Il risultato è che in quattro giorni si potranno seguire dibattiti attorno alle trasformazioni nel mondo del lavoro (c’è di mezzo la robotica, peraltro da sempre collegata alla città di Pisa), alle applicazioni della tecnologia nel mondo dello sport, in quello del no-profit. Il 2016 è l’anno della celebrazione dei 30 anni dalla prima connessione italiana a Internet, avvenuta proprio a Pisa grazie ai ricercatori del CNUCE CNR: l’anniversario è stato celebrato lo scorso 29 aprile con l’Internet Day in tutta Italia e verrà ripreso durante IF nell’evento “30 anni da 30 e lode: come Internet ci ha cambiato la vita e come ce la cambierà ancora”, organizzato da Riccardo Luna, con Carlo Ratti, Stefano Quntarelli, Joshua Held, Anna Masera, Davide D’Atri, Federico Bastiani, Benedetta Arese Lucini e Ivana Pais.
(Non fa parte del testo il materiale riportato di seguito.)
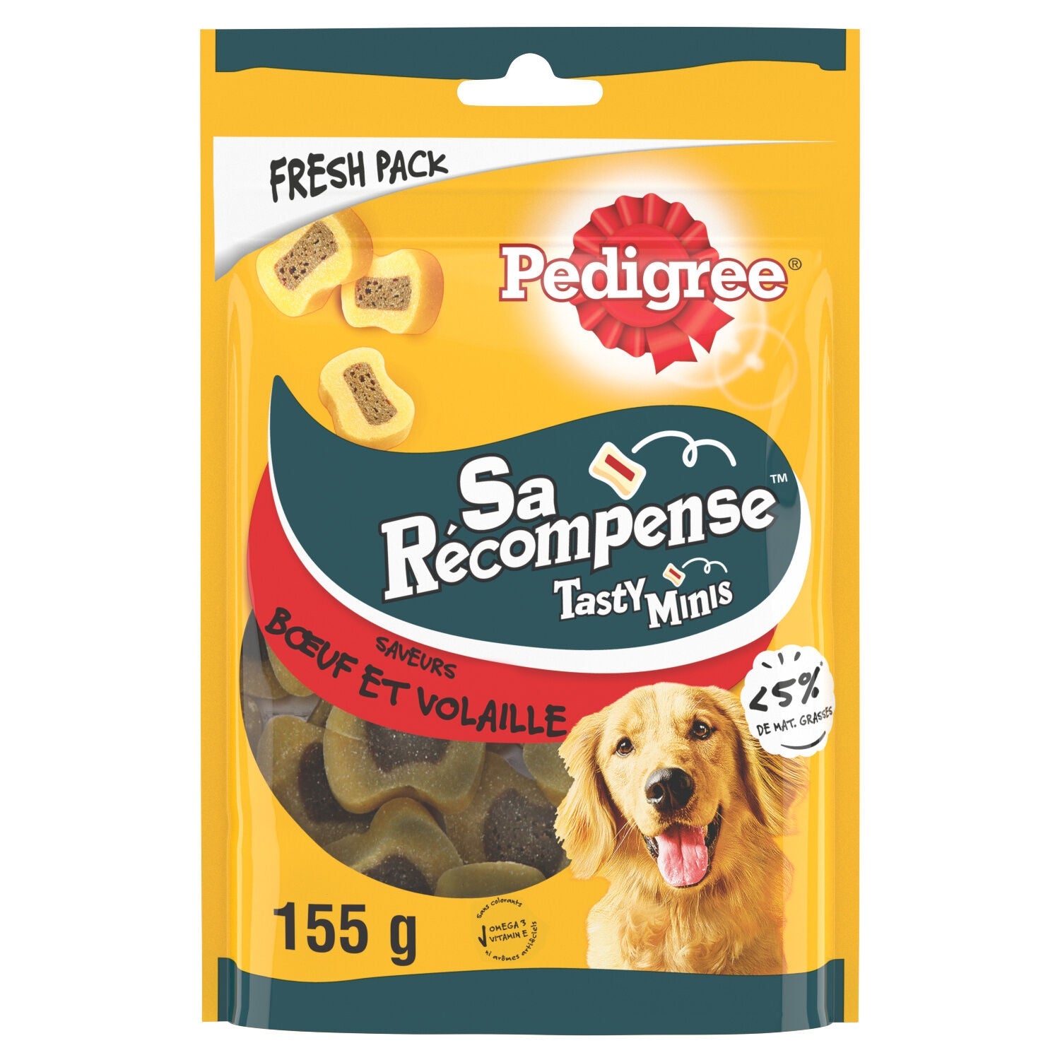 Die leckeren Minis-Hundesnacks mit Rind- und Geflügelgeschmack von PEDIGREE® Sa Récompense™ sind in einem wiederverschließbaren 155-g-Beutel erhältlich.
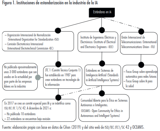 Gran parte de los actuales y futuros beneficios de la IA se deben a procesos de estandarización de difícil acceso y comprensión para el público. Para caracterizar los procesos de estandarización hay que tratarlos como una institución de coordinación. Esta institución se caracteriza por la cooperación y la concurrencia que facilitan la expansión de la industria, y posibilitan la interoperatividad entre diferentes dispositivos de IA. Actualmente hay dos organismos que realizan los procesos de estandarización, el Comité Técnico Conjunto 1 (JTC 1, por su sigla en inglés), y el Instituto de Ingenieros Eléctricos y Electrónicos (IEEE, por su sigla en inglés).
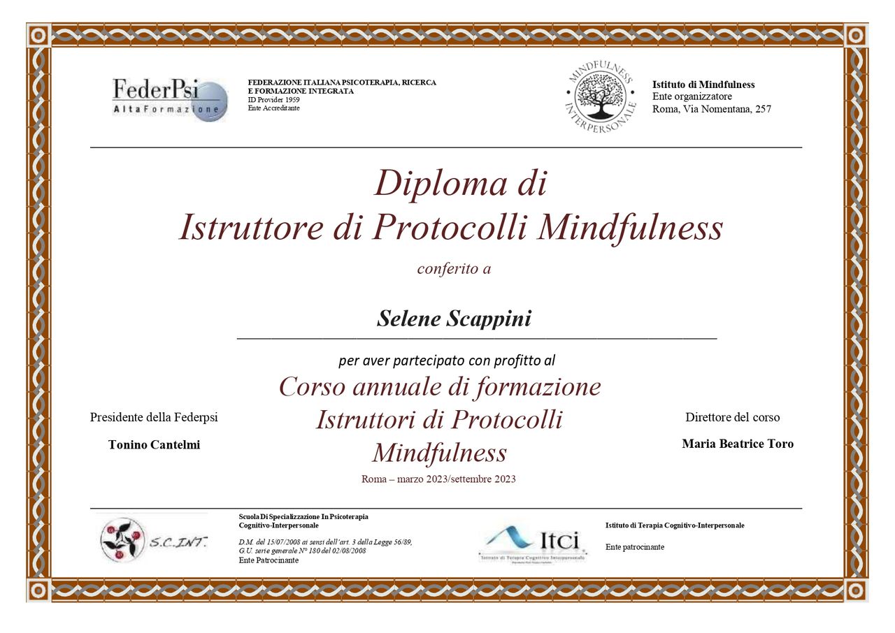 Sono la Dott.ssa Selene Scappini, psicologa del lavoro e psicoterapeuta in formazione ad indirizzo cognitivo–costruttivista presso PSIOP Padova. Lavoro con persone che si sentono sopraffatte dalle pressioni quotidiane, dallo stress lavorativo, dai conflitti familiari e dalle difficoltà relazionali. Il mio approccio mette al centro la persona e le sue risorse, aiutandola a ritrovare chiarezza, energia e equilibrio.
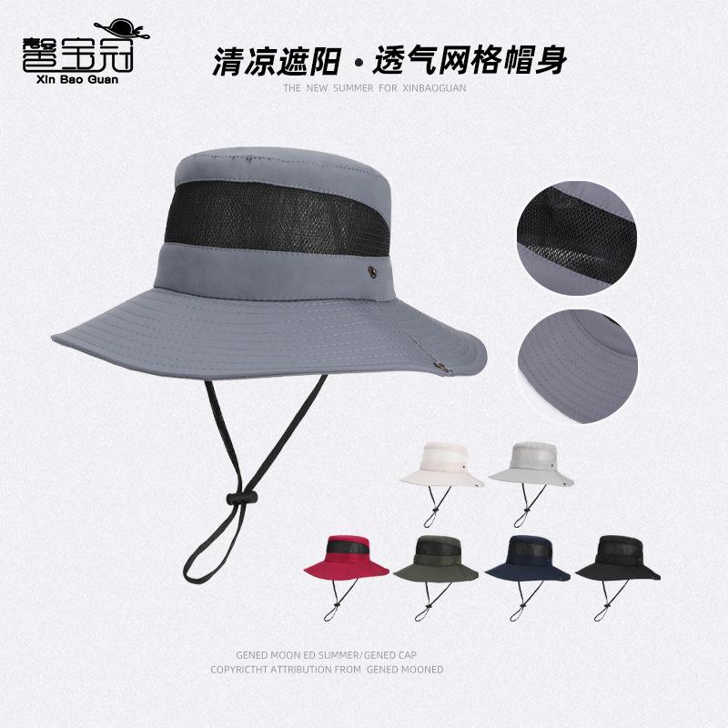 Summer mesh breathable bucket hat men's outdoor mountaineering fishing sun protection hat big brim foldable sun hat children
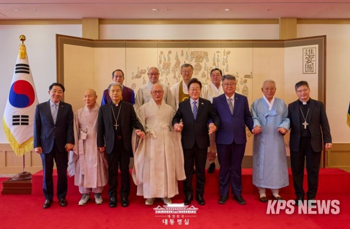 KPSNEWS 김채경 기자 | 이재명 대통령은 9일 대통령실에 7대 종교지도자 11명을 초청해 '사회통합의 길, 종교와 함께' 행사를 열었다고 강유정 대변인이 브리핑을 통해 밝혔다.
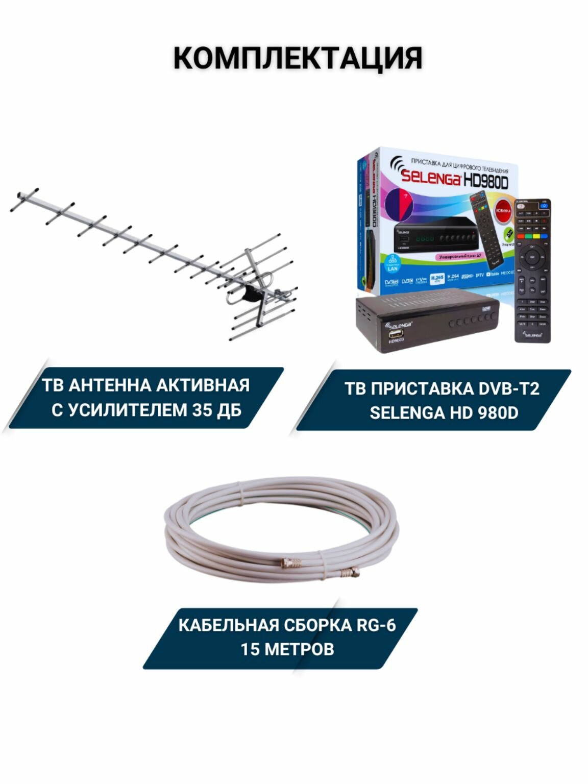 Цифровая ТВ приставка HD 980D DVB-T2 с уличной активной антенной 35 дБ до 80 км (Кабельная сборка 15м) информация:

Internet festival significa anche IT TOur, cioè laboratori, tutorial, mostre e conferenze interattive nella Cittadella Galileiana, trasformata per l’occasione in un Campus per nativi digitali e navigatori incerti, ma aperto anche agli esperti e ai cultori della materia. Una sezione molto apprezzata dagli studenti e generalmente quella che alimenta più dirette streaming, interventi dal pubblico e partecipazione in ogni forma. In questi laboratori si potranno toccare con mano i risultati dei centri di ricerca, e si terranno anche conferenze-spettacolo, come “I selfie di Keplero” di Lorenzo Baglioni, il comico matematico che ha un successo enorme sui social, oppure l’arrivo dei ragazzi di Lercio.it che parleranno di bufale della Rete.

Il programma

Ognuno può seguire un proprio percorso nel ricco programma dell’Internet Festival, che Webnews seguirà come media partner. Certamente si fa notare il focus sulla cybersecurity, distribuito in tutte le date e in vari punti della città, in cui si parlerà di IoT, dello scontro Apple-FBI, della cyberwar in atto tra potenze mondiali che si affidano a un sottobosco opaco di agenzie private e hacker e cyberattivisti dalle identità multiple. Ma si parlerà anche di wereable, del fenomeno migratorio e delle opportunità della tecnologia per affrontarlo meglio, di gaming, smart mobility, salute, editoria, agenda digitale.